The securities market is said to be complete if, for any $\tilde{w}$, there exists a portfolio $\theta$ such that
$$\sum_{i=1}^n \theta_i \tilde{x}_i=\tilde{w} .$$
Thus, any desired distribution of wealth across states of the world can be achieved by choosing the appropriate portfolio (if cost is not a constraint).

It should be apparent that true completeness is a rare thing. For example, if there are infinitely many states of the world, then (3.18) is an infinite number of equalities, which we are supposed to satisfy by choosing a finite-dimensional vector $\theta \in \mathbb{R}^n$. This is impossible. Note that there must be infinitely many states if we want the security payoffs $\tilde{x}_i$ to be normally distributed, or to be lognormally distributed, or to have any other continuous distribution. Thus, single-period markets with finitely many continuously distributed assets are not complete.

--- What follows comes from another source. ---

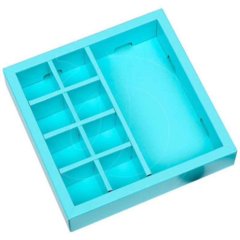 Коробка на 8 конфет и шоколадную плитку с окном голубая 17,7х17,8х3,85 см

On the other hand, if significant gains are possible by improving risk sharing, then we would expect assets to be created to enable those gains to be realized. Also, as is shown later, dynamic trading can dramatically increase the “span” of securities markets. The real impediments to achieving at least approximately complete markets are moral hazard and adverse selection. For example, there are very limited opportunities for obtaining insurance against employment risk, due to moral hazard.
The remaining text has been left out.